## Problem statement
From the line containing "BRAVENATURE TEA TREE" through the last line of the records below, each line is to be repeated exactly; pictures are to be omitted.

## Data
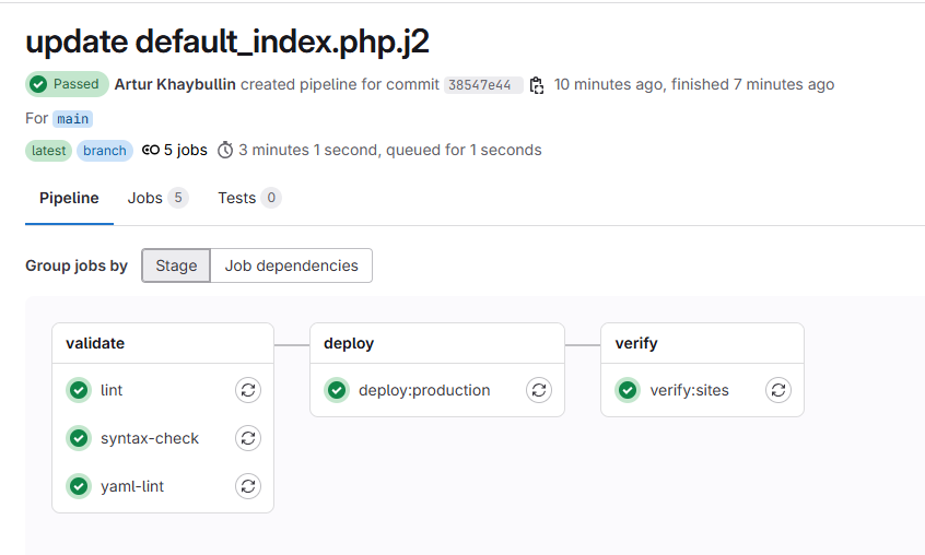 До пайплайна типичная история выглядела так: изменил шаблон nginx, запушил, через 10 минут проверяешь и оказывается что сайт лежит. Это тормозит работу. С пайплайном — если изменение сломало nginx-конфиг, syntax-check поймает это ещё до деплоя. Если деплой прошёл, но что-то не так запустилось — verify:sites покажет это сразу, пока разработчик ещё смотрит на пайплайн.
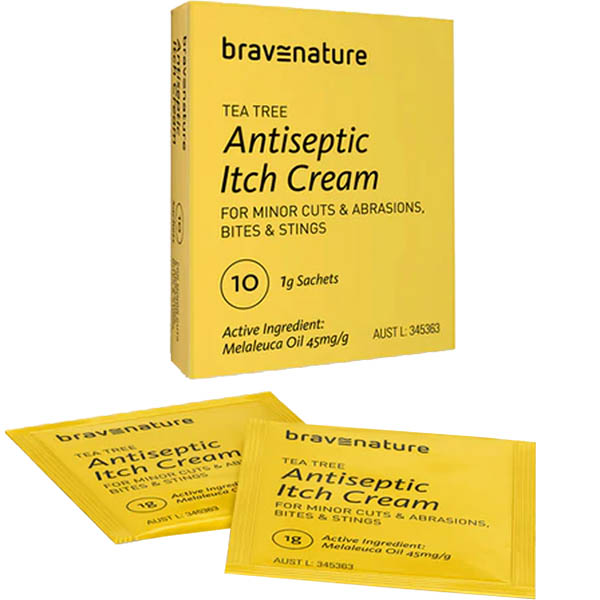BRAVENATURE TEA TREE ANTISEPTIC ITCH CREAM SACHETS PACK 10
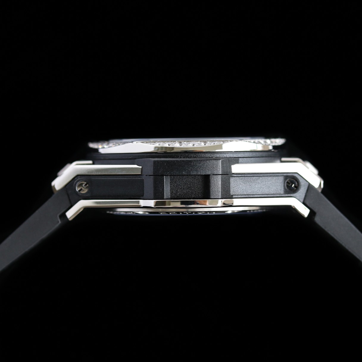 De blauwe wijzerplaat trekt onmiddellijk de aandacht met zijn gebeeldhouwde geometrische vormen en polygonenpatroon, wat een hypnotiserend effect van diepte creëert. Slanke Arabische cijferuurmarkeringen rond de rand van de wijzerplaat zijn duidelijk en elegant. De bezel, bezet met diamanten die een verblindende schittering uitstralen, omringt de wijzerplaat en benadrukt de hoogwaardige aard van het horloge.
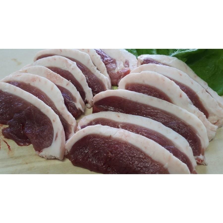 国産合鴨ロース特上焼き肉用カット300g鍋用スライスより厚めにカット。焼き脂付き。瞬間凍結なので赤身が白く見えますが解凍すると元の色(赤)に戻ります。賞味期限は2か月設定です。ミディアムレアくらいの焼きでお召し上がりください。網焼きすると脂が落ちて燃えます!
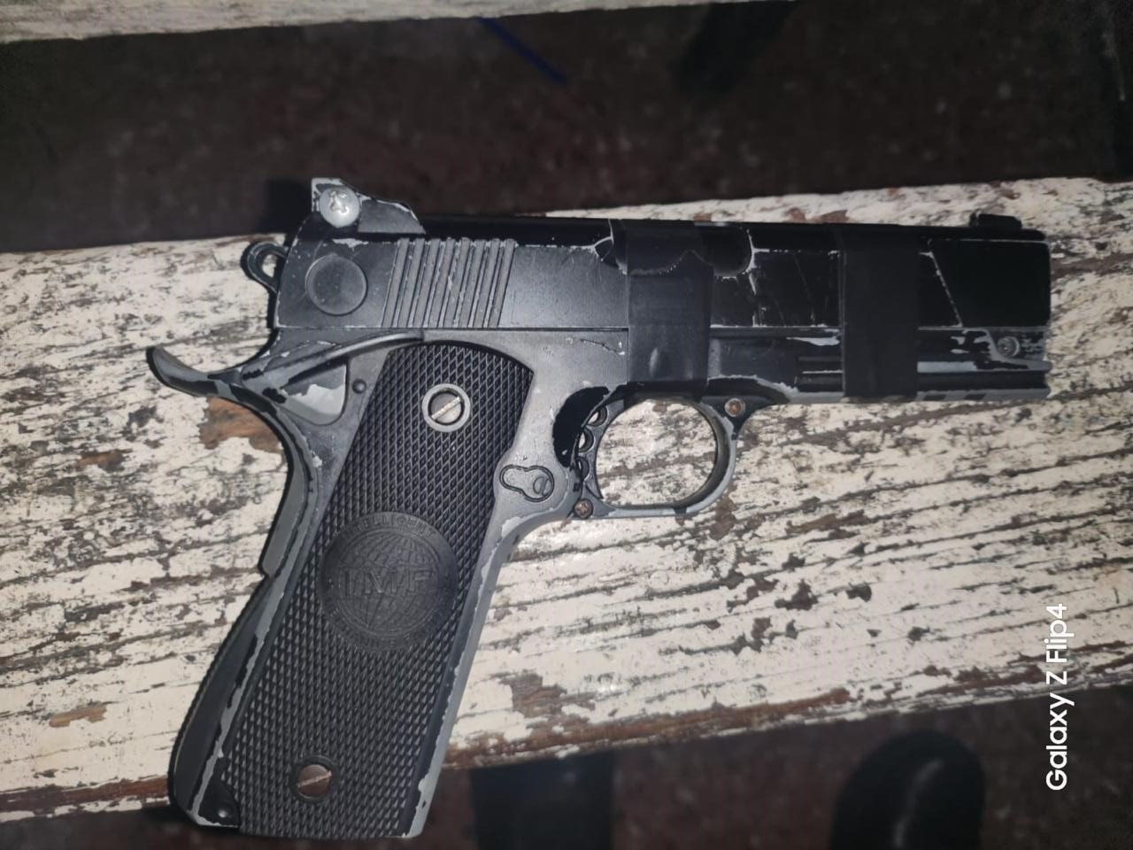 De esta forma quedaron detenidos dos sujetos de 19 y 20 años, quienes portaban una réplica metálica de arma de fuego.
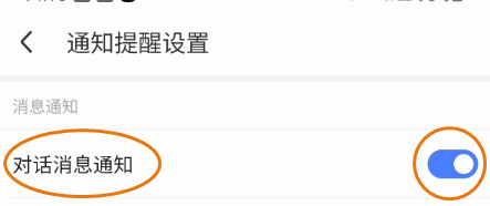 进入通知提醒设置点击对话消息通知右侧的按钮即可
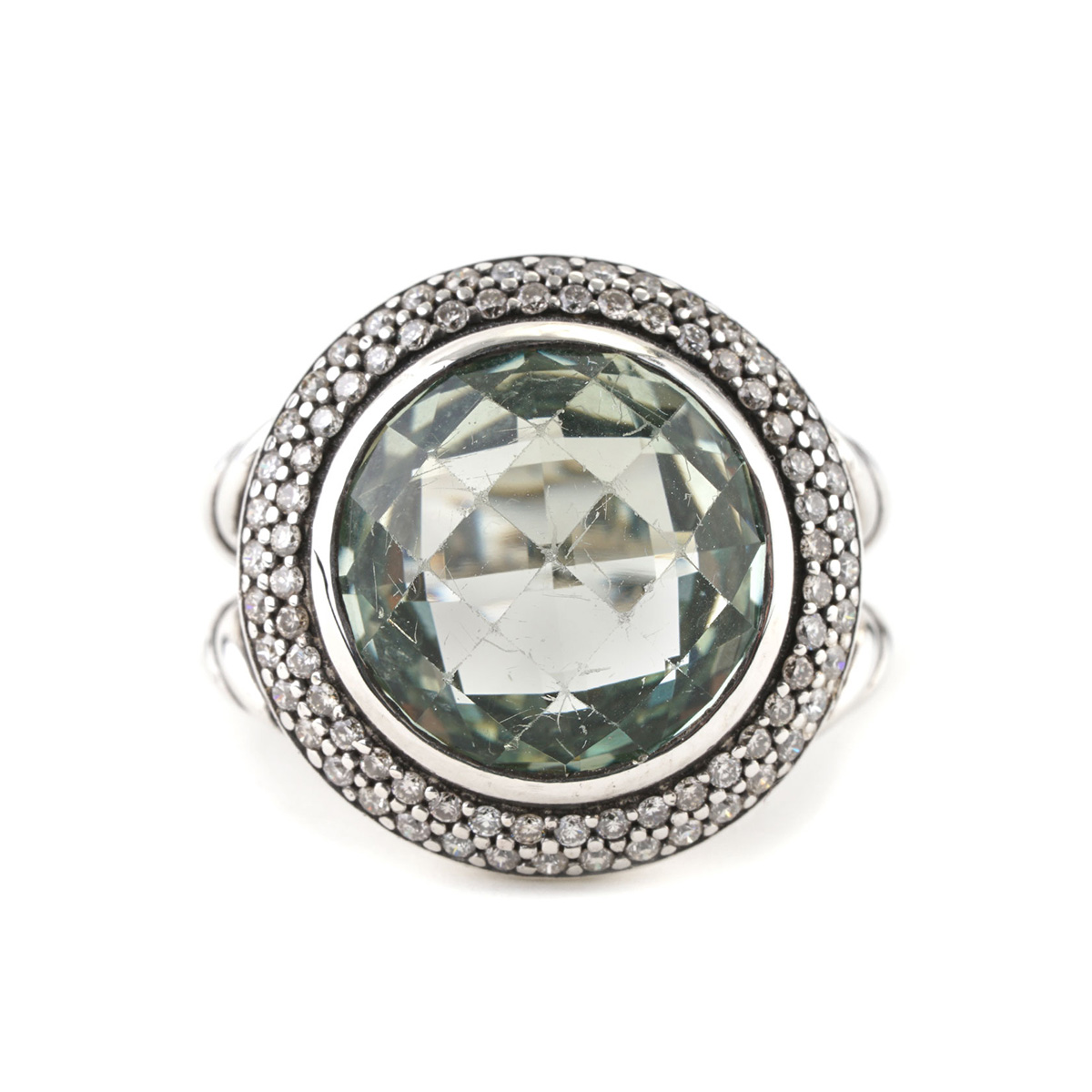 David Yurman Cerise Prasiolite Diamond Halo Ring Silver
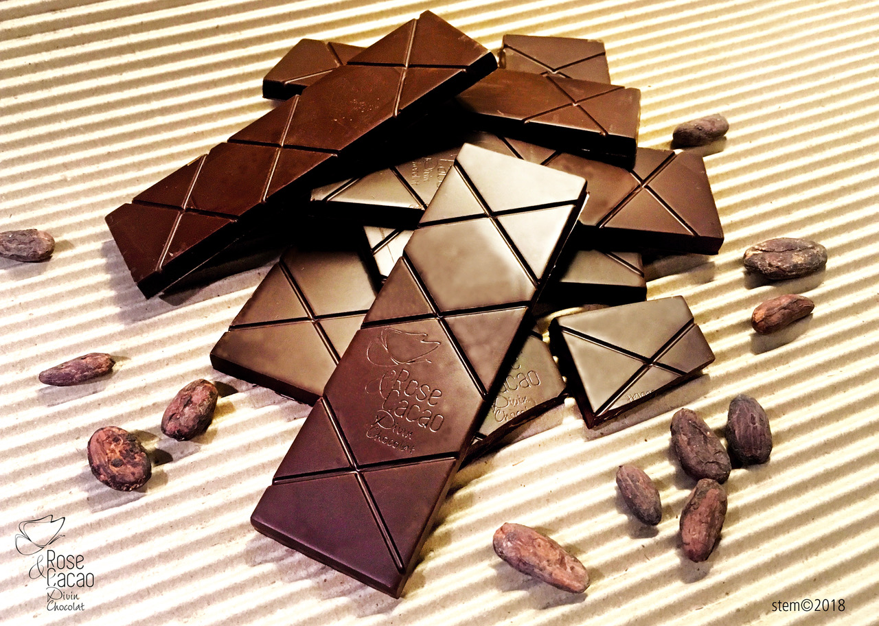 Tout procédé impliquant une chauffe des aliments a pour conséquence une diminution des nutriments qui le compose. C’est pour cette raison que Rose & Cacao travaille à partir de fève crue. Leur chocolat sont naturellement vegan, sans gluten, à faible index glycémique, cru, et bien évidemment biologique et équitable ! Tous les produits viennent de l’agriculture biologique. Les fèves utilisées sont uniquement du type criollo, appelé également “la reine des fèves” grâce à la subtilité de ses arômes, et sa douce amertume. Les chocolats Rose & Cacao sont à la fois gourmands et originaux, car toutes les tablettes sont moulées de manière artisanale.

## Final answer
BRAVENATURE TEA TREE ANTISEPTIC ITCH CREAM SACHETS PACK 10
 De blauwe wijzerplaat trekt onmiddellijk de aandacht met zijn gebeeldhouwde geometrische vormen en polygonenpatroon, wat een hypnotiserend effect van diepte creëert. Slanke Arabische cijferuurmarkeringen rond de rand van de wijzerplaat zijn duidelijk en elegant. De bezel, bezet met diamanten die een verblindende schittering uitstralen, omringt de wijzerplaat en benadrukt de hoogwaardige aard van het horloge.
 国産合鴨ロース特上焼き肉用カット300g鍋用スライスより厚めにカット。焼き脂付き。瞬間凍結なので赤身が白く見えますが解凍すると元の色(赤)に戻ります。賞味期限は2か月設定です。ミディアムレアくらいの焼きでお召し上がりください。網焼きすると脂が落ちて燃えます!
 De esta forma quedaron detenidos dos sujetos de 19 y 20 años, quienes portaban una réplica metálica de arma de fuego.
 进入通知提醒设置点击对话消息通知右侧的按钮即可
 David Yurman Cerise Prasiolite Diamond Halo Ring Silver
 Tout procédé impliquant une chauffe des aliments a pour conséquence une diminution des nutriments qui le compose. C’est pour cette raison que Rose & Cacao travaille à partir de fève crue. Leur chocolat sont naturellement vegan, sans gluten, à faible index glycémique, cru, et bien évidemment biologique et équitable ! Tous les produits viennent de l’agriculture biologique. Les fèves utilisées sont uniquement du type criollo, appelé également “la reine des fèves” grâce à la subtilité de ses arômes, et sa douce amertume. Les chocolats Rose & Cacao sont à la fois gourmands et originaux, car toutes les tablettes sont moulées de manière artisanale.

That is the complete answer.